Both cell-associated and free-floating L. monocytogenes were observed in mesentery lymphatic vessels during ligated loop infection. BALBc/ByJ mouse ileal loop was injected with 10⁹ CFU GFP⁺ Listeria, and tissues were harvested 45 min post infection. Just prior to euthanasia, fluorescently conjugated dextran was injected intravenously. The center cartoon depicts a single plexus leading from the ileum to the draining sMLN; the dotted lines indicate the areas analyzed in the surrounding representative images. (A) Hundreds of L. monocytogenes are found proximal to the intestinal lamina propria. (B) A network of lymphatic vessels near the gut tissue. (C) Large collecting vessel more distal to the gut with a cluster of L. monocytogenes at the branch point.
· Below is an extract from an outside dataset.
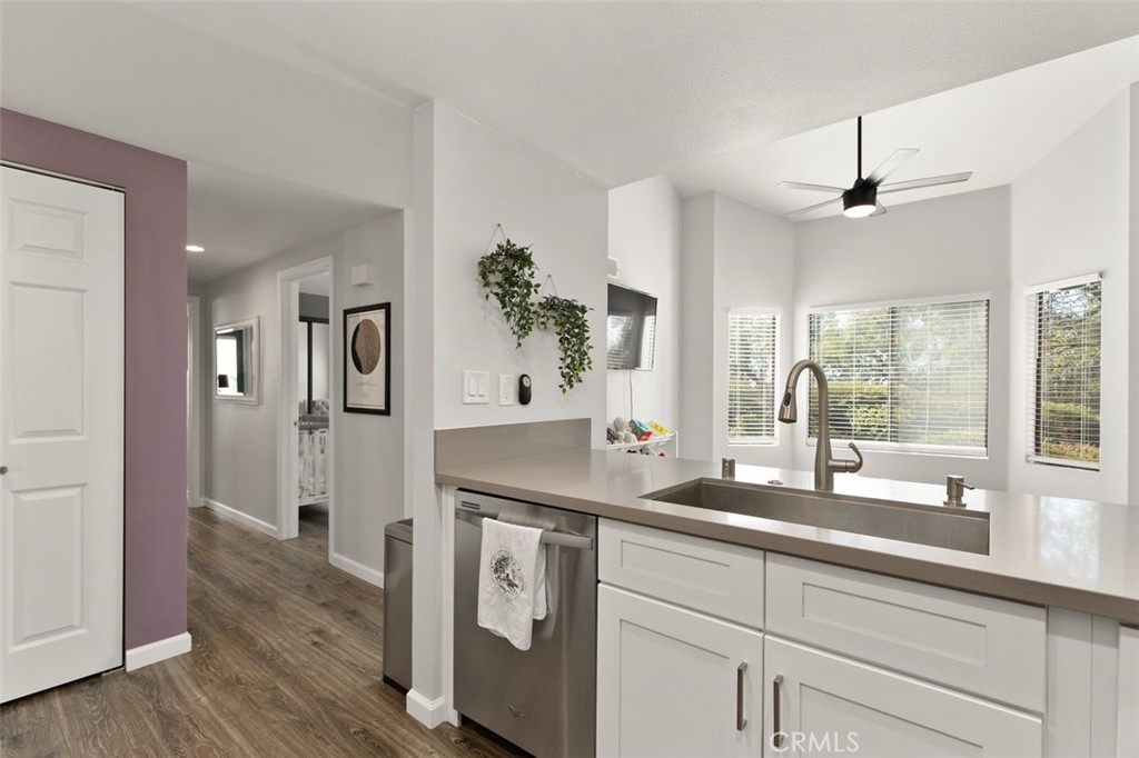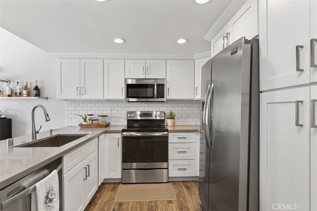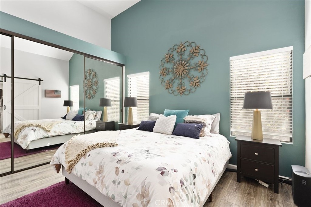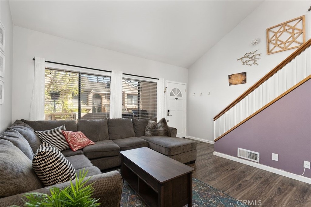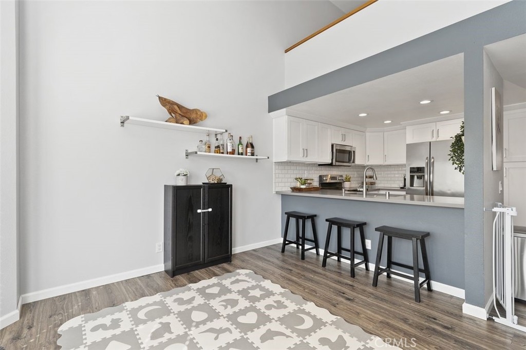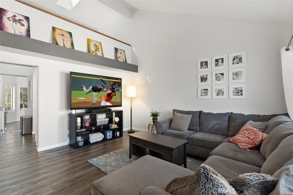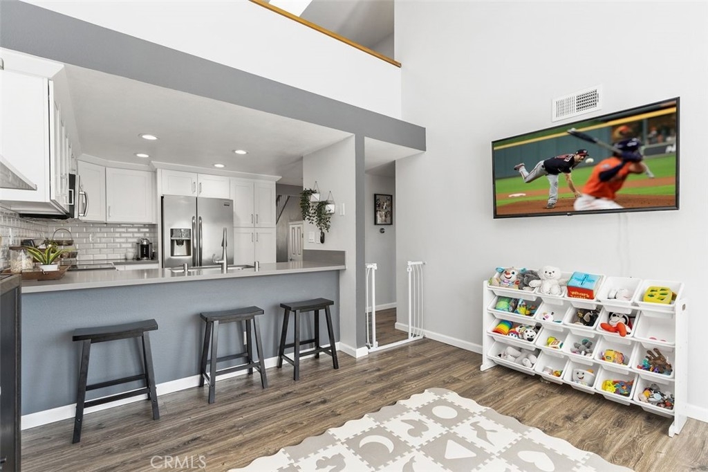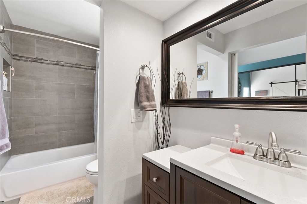 Gorgeously updated two story upper unit in the Canyon Glen community. Complete with two large bedrooms, two full bathrooms and an open loft this is the perfect space to call home. As you enter the home you are greeted by vaulted ceilings, an open living room and beautiful vinyl flooring. From the living room you enter into the updated kitchen where no detail was overlooked. Stunning white shaker cabinets with beveled subway tile backsplash and quartz countertops surrounded by stainless steel appliances create this dreamy kitchen. Off the kitchen is the dining area currently utilized as a family room. Down the hall you will find both bedrooms, the guest bath and inside laundry. The secondary bedroom is open with the continuous vaulted ceilings, tons of closet space and natural light. The guest bathroom has been beautifully updated with a single vanity with white countertops, tub in shower and detailed tile work. The master bedroom is the ultimate retreat with lots of closet space and ensuite master bath. Pass through the barn door into the wonderfully updated bath with single vanity and extra storage. Other features of this home include a 2 car garage with separate entrance, ceiling fans, inside laundry, front balcony and more. The community grounds feature large grass areas, and offers two pools and spa areas. Nearby El Modena trails, Irvine, Santiago Oaks and Peters Canyon Regional Parks. Conveniently close Award winning OUSD Schools, shopping, dining, and entertainment.

A blood vessel containing dextran is seen on the right. (D) A CD45+ cell with several attached Lm migrates through the vessel. Representative images from one of two independent experiments are shown; all images are Z stacks except (D) which shows a single z plane. Scale bars, 20 mM.

Fig 6

Proposed model of dissemination from intestinal lamina propria to the MLN. Ingested L. monocytogenes (purple) in the gut lumen can cross the mucosal barrier by either InlA-mediated uptake into epithelial cells or transcytosis via M cells. Once in the underlying lamina propria, Lm can interact with a variety of immune cells, including activated PMN and macrophages which promote clearance of extracellular bacteria. (A) Ly6C^hi inflammatory monocytes do not readily phagocytose Listeria but may transport surface-associated bacteria to the MLN. (B) Migratory CD11c^hi CD103⁺ cDC can internalize L. monocytogenes and then migrate to draining lymph nodes to present antigen to T cells. Previous data suggest that Listeria survive for several hours within DC. (C) Extracellular bacteria that are not cleared by phagocytes can disseminated free floating through the afferent lymphatic vessels to enter the subcapsular sinus of the lymph node. Together, these three mechanisms make up our proposed routes of dissemination for Lm to travel from the LP to the MLN.